For the uninitiated, “Dyatlov” refers to the Dyatlov Pass incident, a mysterious event that occurred in the northern Ural Mountains of the Soviet Union (now Russia) in 1959. A group of nine experienced hikers, led by Igor Dyatlov, set out on a skiing expedition to reach Otorten Mountain. However, they never completed their journey, and their bodies were discovered weeks later under puzzling and eerie circumstances.
The hikers’ tent was found cut open from the inside, and they appeared to have fled in various stages of undress. Some of the bodies showed signs of severe trauma, including fractured skulls and chest injuries, while a number of them had missing eyes and eyebrows, and one man’s tongue was missing – but there were no signs of struggle. What’s more, some of the clothing worn by the victims was found to be radioactive.
Various theories have been proposed to explain the Dyatlov Pass incident, ranging from natural disasters to military or governmental involvement – and even supernatural explanations. The official Soviet investigation concluded that the hikers died due to a “compelling unknown force,” but in 2020, it was put down to an avalanche – but True Detective Season 4 creator Issa Lopez isn’t convinced.

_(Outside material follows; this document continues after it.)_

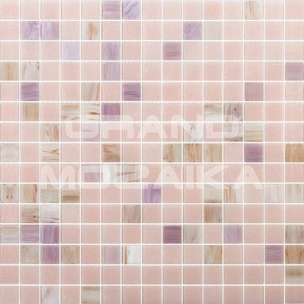 Мозаика для бассейнов серии Смеси из кусочков размером 20х20 см. Полотно 327х327 легко в монтаже и не требует особых навыков. Основной цвет полотна нежно-розовый с добавлением мозаик с необычным размытым рисунком сиреневого цвета. Такое полотно украсит любой бассейн и подойдет как для внутренней его отделки так и для внешней.

Speaking to Vanity Fair, she said: “An avalanche doesn’t explain a lot of the details I think. Even if it did, I prefer the strange, incomplete answer. I think there is a fascination with puzzles that are still missing a couple of pieces, and that obsesses us, and makes us angry, and makes us not stop thinking about them.”
Thankfully, it seems Lopez isn’t going to leave us guessing after the end of Night Country – although it will take some detective work. “Not all of the details, not all of the questions are clarified at the end,” she said, the outlet adding that there are “enough hints that even the questions it doesn’t expressly answer can be resolved by a viewer who’s willing to comb through the first five episodes for clues.” Given the strong theories being put forward by the online community, it appears the True Detective fans are certainly willing to play along.